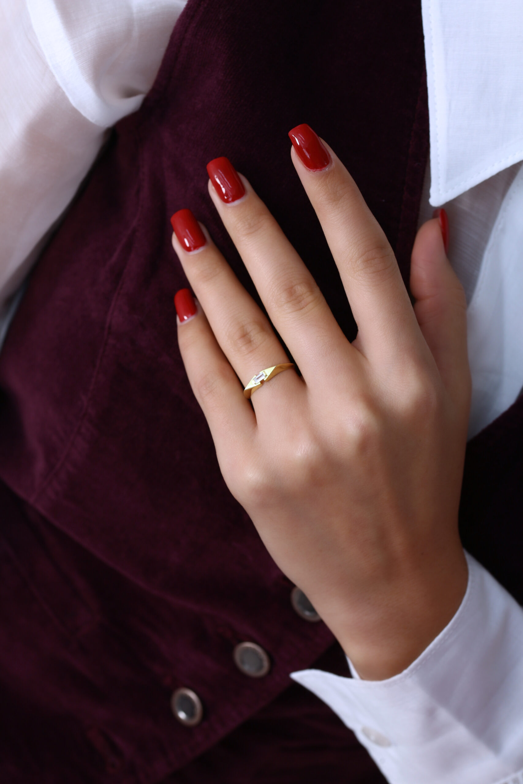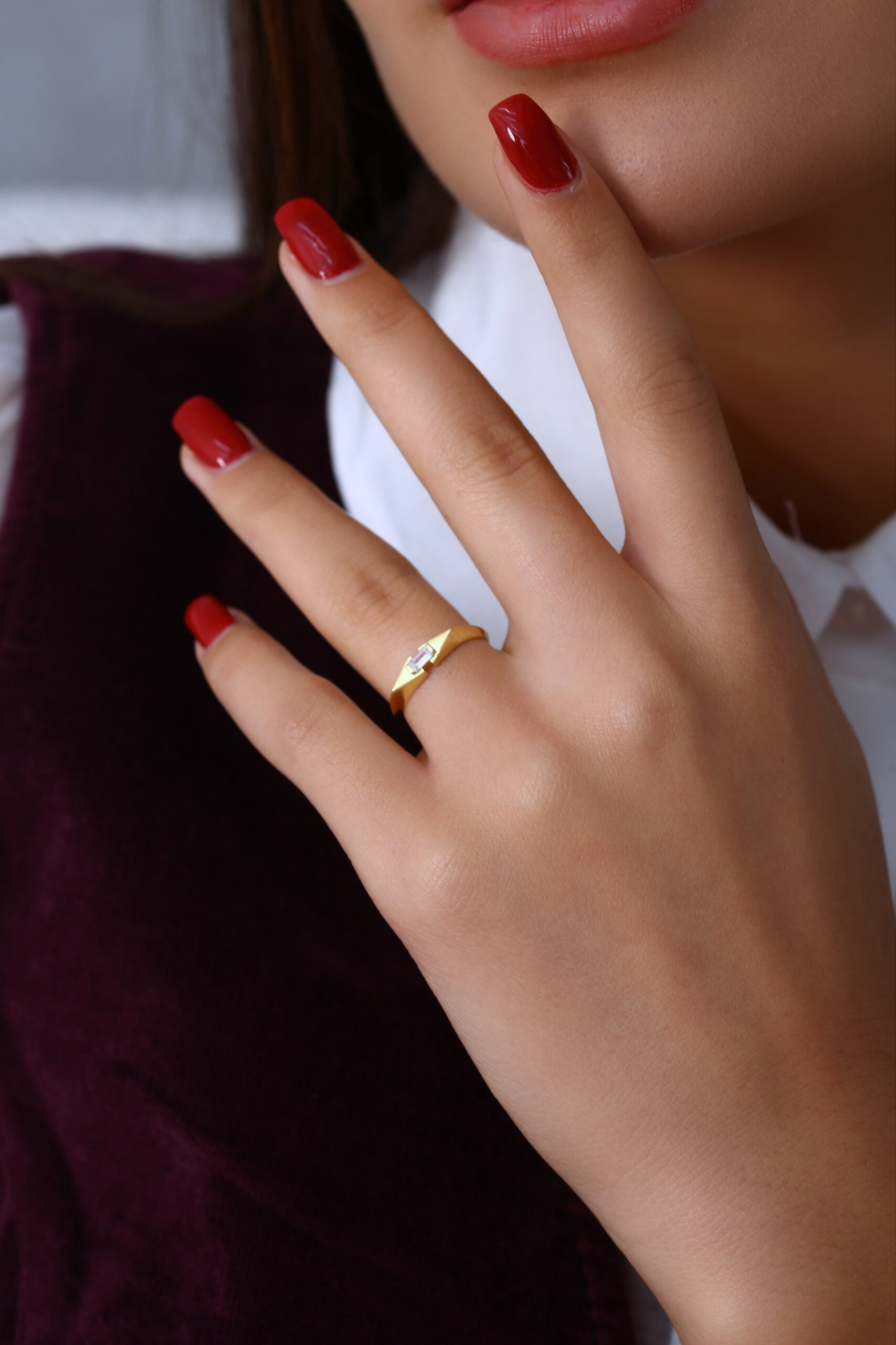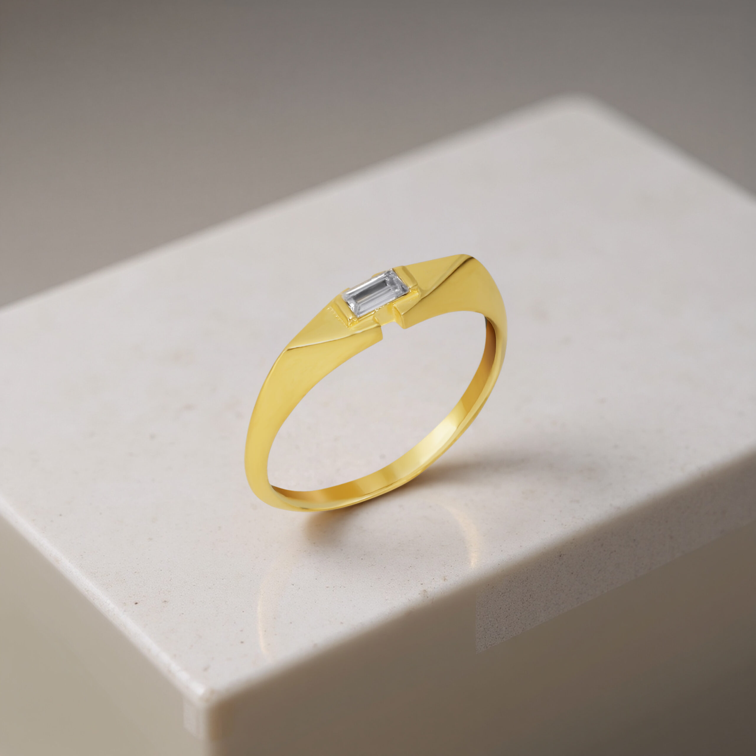 Sade ve keskin hatlarıyla dikkat çeken bu baget taş yüzük, minimal tasarımıyla her stile kolayca uyum sağlar. İnce kesim baget taş modern bir ışıltı katarken, yüzüğün hafif formu gün boyu rahat kullanım sunar. Minimal ama etkili bir aksesuar arayan kadınlar için ideal bir tercih.
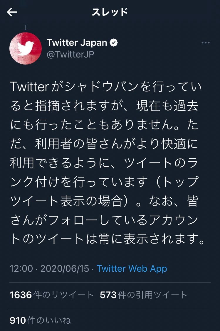 過去にシャドウバンを行ったことはないと断言したTwitter Japan公式さん、シャドウバンされてしまう pic.twitter.com/gaNjqNz65N
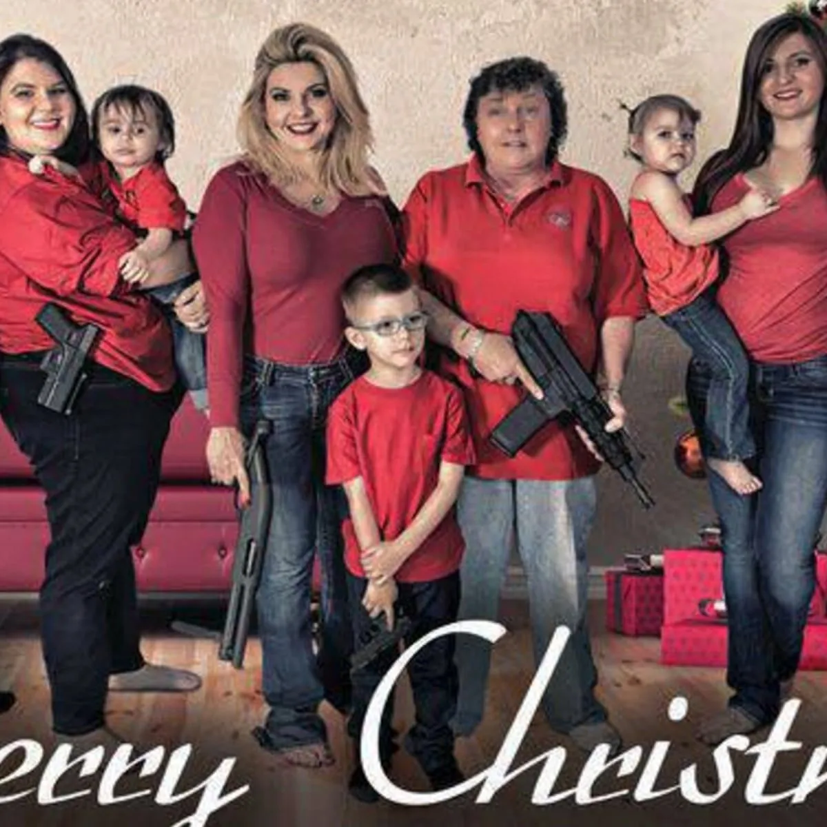 How many Christmas cards have you received with a family grinning while each holding such weaponry?
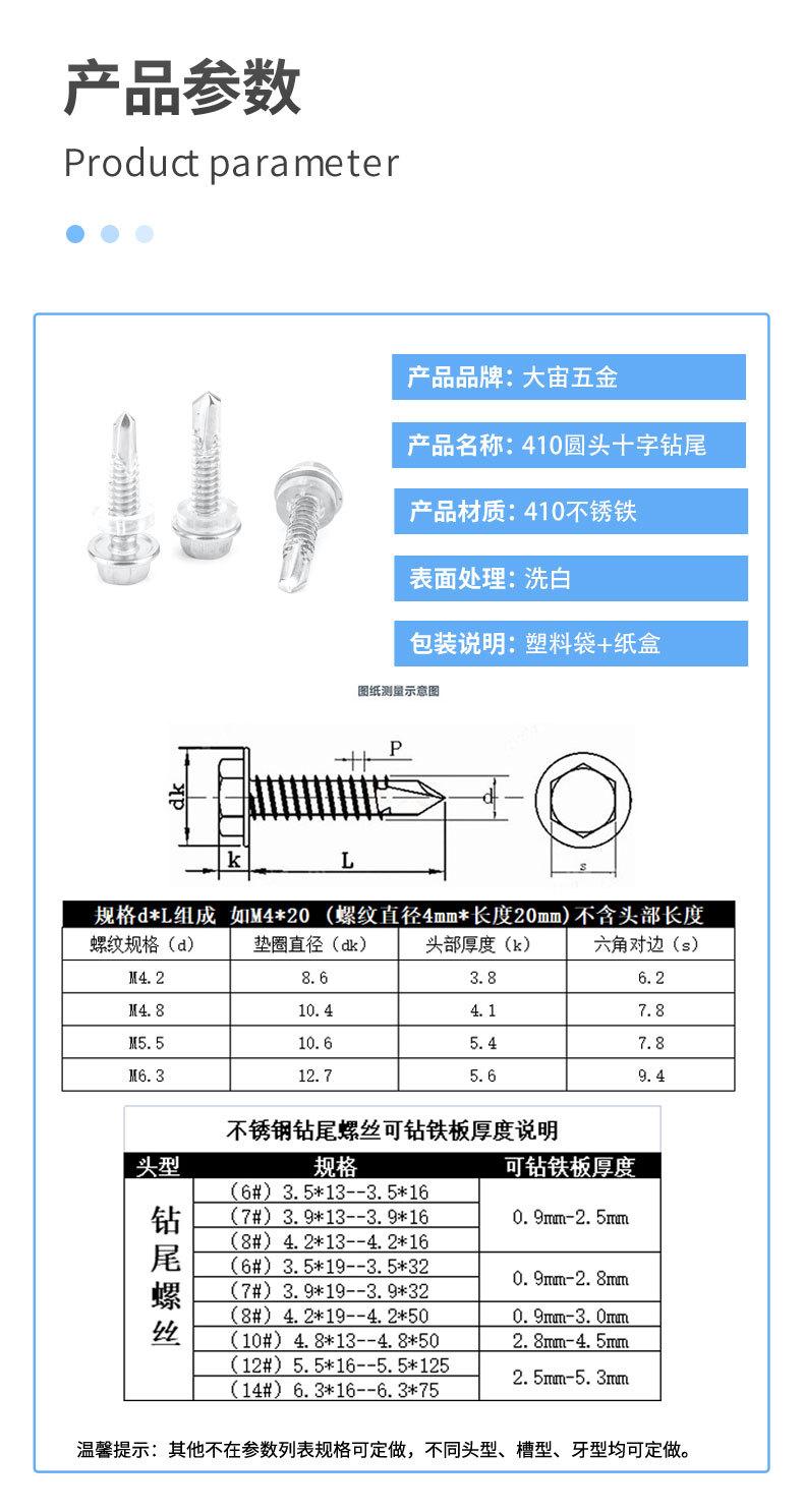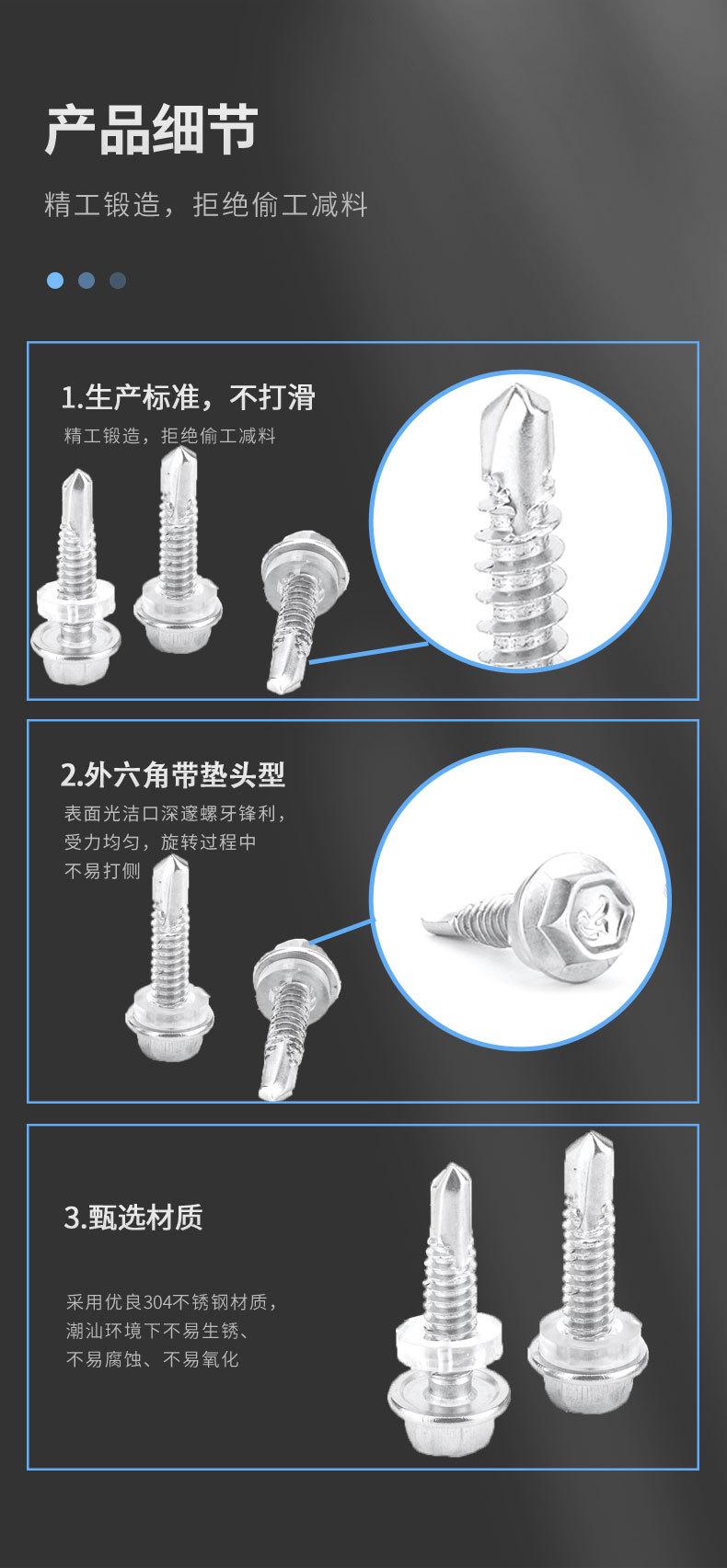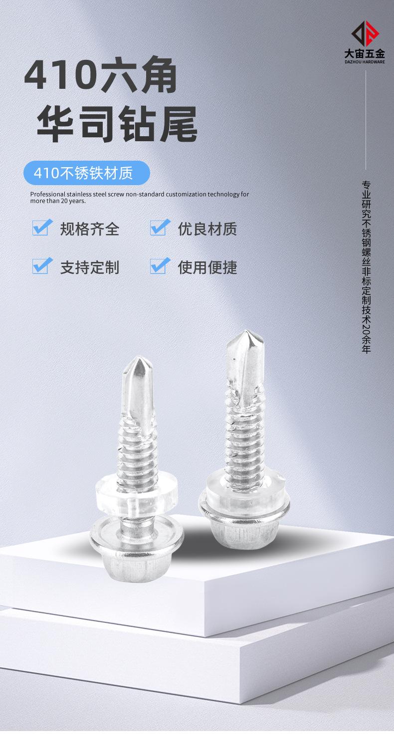 Tornillo autorroscante de cola de milano con brida Huashi, de acero inoxidable 410, con hexágono exterior y cola de milano de perforación media, con almohadilla
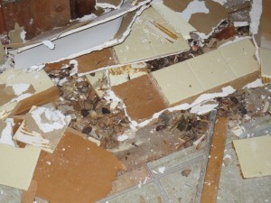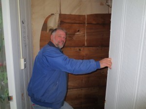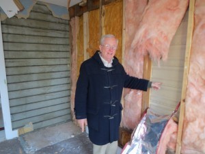 You find interesting things when you remove walls. Here, our wonderful architect is pointing out that there is nothing between the insulation and the vinyl outdoor siding, plus the insulation was installed backwards.
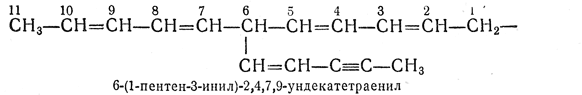 3.6. — В качестве основной цепи в радикале выбирают ту, которая содержит: (1) максимальное число двойных и тройных связей; (2) максимальное число атомов углерода и (3) максимальное число двойных связей.
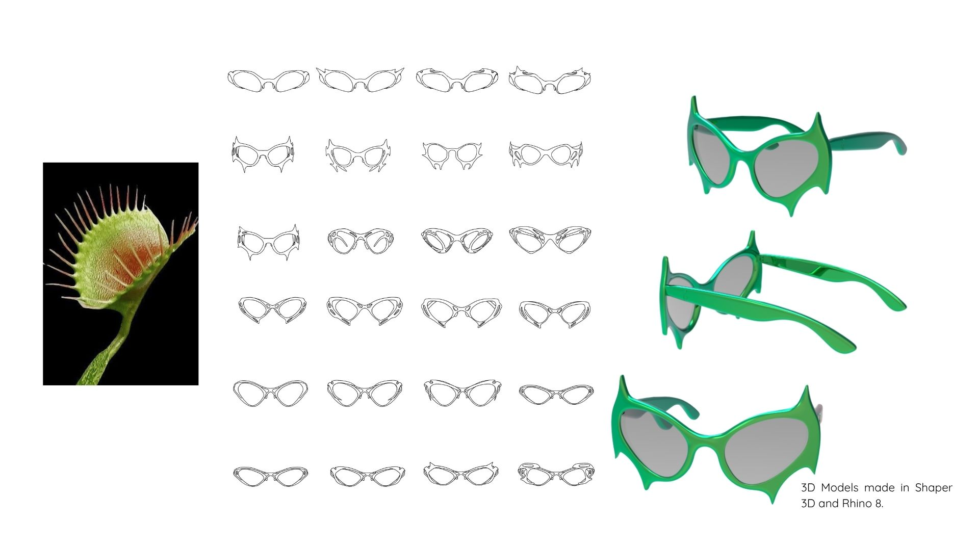 This collection visually represents a planetary life cycle of exploration, evolution, and adaptation. It begins with elemental stabilization of the environment. Followed by emergence of flora, transforming the atmosphere and enabling adaption of complex life. I used Rhino3D to model these glasses inspired by carnivorous plants.
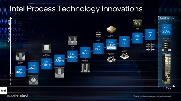 На онлайн-конференции было также обнародовано переименование технологических процессов, намеченных Intel к освоению, в рамках своего нового roadmap. Само упоминание физических мер длины уходит из названий техпроцессов компании. Справедливости ради стоит отметить, что ещё начиная примерно со времён «45 нм» обозначающее технологическую норму число перестало обозначать фактическое расстояние между соседними транзисторами на полупроводниковой подложке и превратилось по большей части в маркетинговый символ.
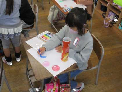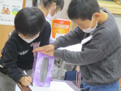 様々な形の箱をなぞって、絵を描きます。
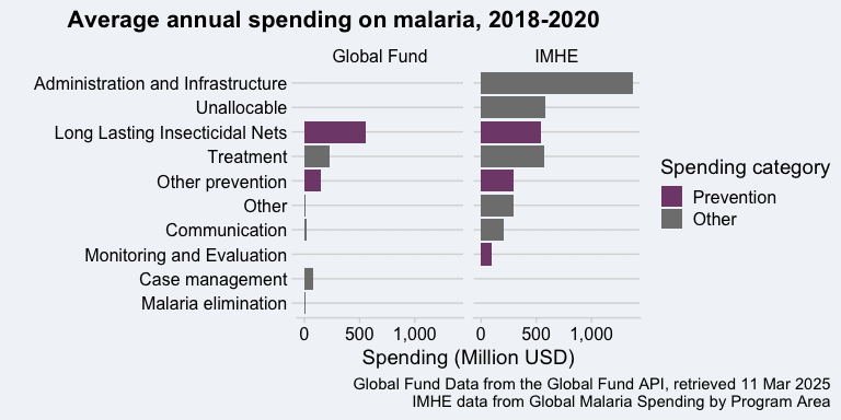 Both sources agree that bednets are the largest component of spending on prevention, but past that there are some large differences. Some of that is to be expected because Global Fund spending is just a part of what’s included in the IMHE estimates, but I think some of it also comes down to differences in accounting. I think some spending that the Global Fund would categorize as being spent on bednets IMHE is categorizing as administration of infrastructure. Either way, bednets account for the majority of all funding for preventing malaria.
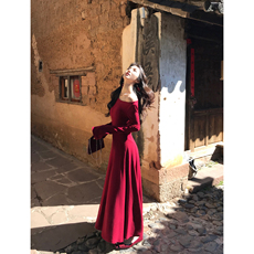 2025新款蓝色丝绒连衣裙女秋冬V领长袖收腰A字显瘦气质晚宴礼服裙
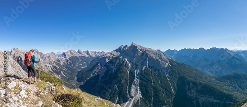Female hiker admiring view of Mittenwalder Hohenweg in summer
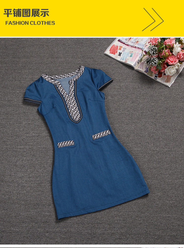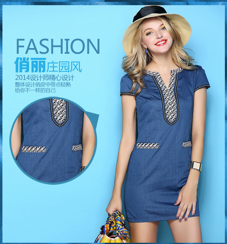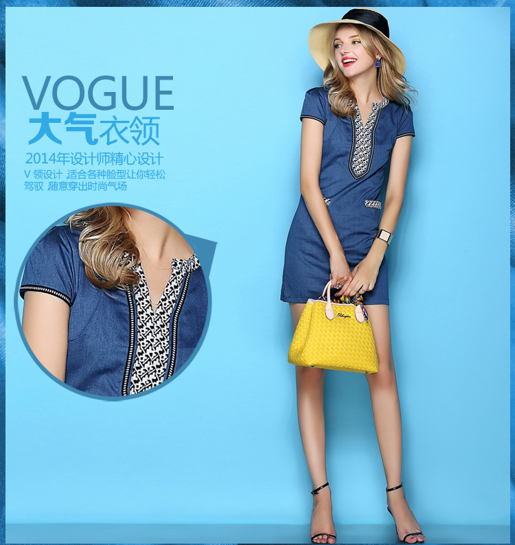 2015春夏新款女装连衣裙无袖V领绣花牛仔连衣裙百褶裙
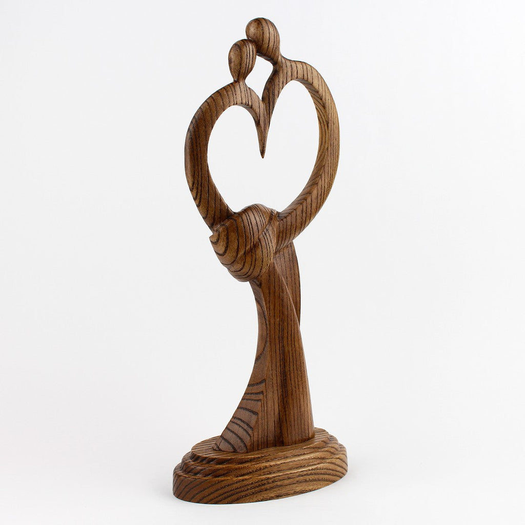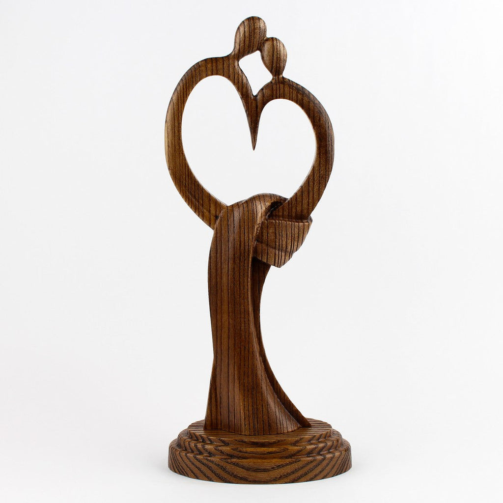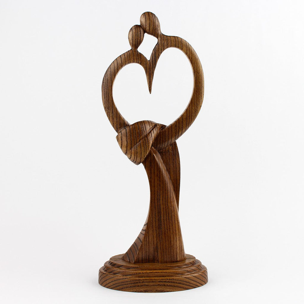 A beautifully handcrafted wooden sculpture featuring an abstract couple forming the shape of a heart. With smooth curves and a polished natural wood finish, it symbolizes love, unity, and togetherness. Mounted on a sturdy round base, this elegant piece makes a meaningful decorative accent for homes, weddings, or as a thoughtful gift for loved ones.
====
EXERCISE OBJECTIVE:
Go through the records and repeat each one exactly, skipping anything that is a picture.

EXERCISE RESPONSE:
 Sade ve keskin hatlarıyla dikkat çeken bu baget taş yüzük, minimal tasarımıyla her stile kolayca uyum sağlar. İnce kesim baget taş modern bir ışıltı katarken, yüzüğün hafif formu gün boyu rahat kullanım sunar. Minimal ama etkili bir aksesuar arayan kadınlar için ideal bir tercih.
 過去にシャドウバンを行ったことはないと断言したTwitter Japan公式さん、シャドウバンされてしまう pic.twitter.com/gaNjqNz65N
 How many Christmas cards have you received with a family grinning while each holding such weaponry?
 Tornillo autorroscante de cola de milano con brida Huashi, de acero inoxidable 410, con hexágono exterior y cola de milano de perforación media, con almohadilla
 You find interesting things when you remove walls. Here, our wonderful architect is pointing out that there is nothing between the insulation and the vinyl outdoor siding, plus the insulation was installed backwards.
 3.6. — В качестве основной цепи в радикале выбирают ту, которая содержит: (1) максимальное число двойных и тройных связей; (2) максимальное число атомов углерода и (3) максимальное число двойных связей.
 This collection visually represents a planetary life cycle of exploration, evolution, and adaptation. It begins with elemental stabilization of the environment. Followed by emergence of flora, transforming the atmosphere and enabling adaption of complex life. I used Rhino3D to model these glasses inspired by carnivorous plants.
 На онлайн-конференции было также обнародовано переименование технологических процессов, намеченных Intel к освоению, в рамках своего нового roadmap. Само упоминание физических мер длины уходит из названий техпроцессов компании. Справедливости ради стоит отметить, что ещё начиная примерно со времён «45 нм» обозначающее технологическую норму число перестало обозначать фактическое расстояние между соседними транзисторами на полупроводниковой подложке и превратилось по большей части в маркетинговый символ.
 様々な形の箱をなぞって、絵を描きます。
 Both sources agree that bednets are the largest component of spending on prevention, but past that there are some large differences. Some of that is to be expected because Global Fund spending is just a part of what’s included in the IMHE estimates, but I think some of it also comes down to differences in accounting. I think some spending that the Global Fund would categorize as being spent on bednets IMHE is categorizing as administration of infrastructure. Either way, bednets account for the majority of all funding for preventing malaria.
 2025新款蓝色丝绒连衣裙女秋冬V领长袖收腰A字显瘦气质晚宴礼服裙
Female hiker admiring view of Mittenwalder Hohenweg in summer
 2015春夏新款女装连衣裙无袖V领绣花牛仔连衣裙百褶裙
 A beautifully handcrafted wooden sculpture featuring an abstract couple forming the shape of a heart. With smooth curves and a polished natural wood finish, it symbolizes love, unity, and togetherness. Mounted on a sturdy round base, this elegant piece makes a meaningful decorative accent for homes, weddings, or as a thoughtful gift for loved ones.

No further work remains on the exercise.